The self-pity for my poor baby, the constant exhaustion for the entire family, the idea of putting our finances at work, and the guilt of having big brother take on a huge responsibility of helping us take care and understand his baby brother's condition, the fear of our bleak future were all constant in my mind. It was too overwhelming, I had to isolate myself.


It was a difficult ride, but I must say it didn't take too long time for us to accept our new reality and embrace the cards that life handed my family. We picked up the pieces and dusted all the fears and apprehensions as we realize no one else will do it for us. Eventually, we learned to adapt and move forward.


Now trust me when I say that if your child is fighting this battle, you and your family will be in a rollercoaster ride - emotionally, physically, mentally, financially, socially, etc. All aspects of your lives will be affected. When you think all is well, like a sudden switch your child might be on a verge of a complete meltdown or an aggressive behavior. You may feel discouraged and defeated, and it won't be easy to stay positive and focused, after all, we are only human. We get tired, too.


But there's always a choice. We could either sulk in misery and self pity, or stand up and help fight our child's fight.


Remember your whys. Be strong and bravely trek this journey. Your creativity, resourcefulness and resilience will all blossom because of this fight. But more importantly, your faith will keep you grounded and connected to whatever higher power it is that you believe in. You have to trust that what was handed to your child and your family is something that you can all rise above.


For me, labeling my child meant getting the help that he deserved. There was nothing negative about it, where I need to be ashamed of my own child. I am actually proud of my son for he is fighting a long, hard battle with a heart so pure and innocent. He brings so much joy and inspiration in our lives.


And so we continue to fight his fight, and encourage our child to learn and do what he can do so he can be a part of the community, so he can continue to inspire and make people smile in his own special way. His best may not be enough for others, but for us it is, as long as he's trying in his own special way, and that he is happy. He is fulfilling his purpose in life.


It is my hope to open the eyes of parents and guardians. Don't be too scared of your child being labeled (not only for Autism) with any special needs diagnosis. It is best if your child gets early intervention at the soonest, and you can only do this if you face the label and not think of it as a curse or judgement.


So if you suspect that something is off, trust your gut feeling and have your child tested. If you, as parents dwell on worries and denials, you are only hurting your child and depriving them of the help and resources they truly deserve.
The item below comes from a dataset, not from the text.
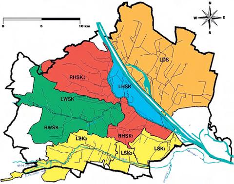 Das Kanalnetz der Stadt Wien hat eine gesamte Länge von ca. 2 200 km bei einer gesamten Fläche der Stadt von ca. 260 km2 und einem mittleren Versiegelungsgrad von knapp 50 Prozent. Die angeschlossene Einwohnerzahl liegt bei ca. 1,8 Millionen In Abbildung 1 sind die fünf Haupteinzugsgebiete mit ihren Hauptsammlern dargestellt. Das durch eine Abflusssteuerung maximal aktivierbare Speichervolumen in den verschiedenen Haupteinzugsgebieten ist in Tabelle 1 zusammengestellt. Damit ergibt sich ein spezifisches Speichervolumen von 72 m³/ha für das gesamte Wiener Einzugsgebiet. Unter Berücksichtigung eines Abschlags von 50 Prozent für Stauraumkanäle verbleibt immer noch ein spezifisches Speichervolumen von 36 m³/ha, das dem Stand der Technik für derartige Gewässer entspricht.

Yes, autism is a tough life to embrace, but is it really a game changer? Do you love your child any less if they are not the typical or the perfect child you had envisioned?


Their battles are never easy, but we must never give up on your special needs children. So, I encourage you to make a conscious decision that you will be your child's rock, for that may very well be your special purpose in life.


Realize that the strength, courage and bravery to help your child is within you, if you only face the fears head on.


If you know someone or a family battling this fight, show some compassion and kindness. And if Autism is a part of your life, give thanks and grace for it is a sacred gift disguised as a disability.


Learn to embrace the sacrifices and challenges, and embark upon this journey. Some days are easier than others, but our love for our child will drive us to keep fighting his/her fight. After all, that's what love is for.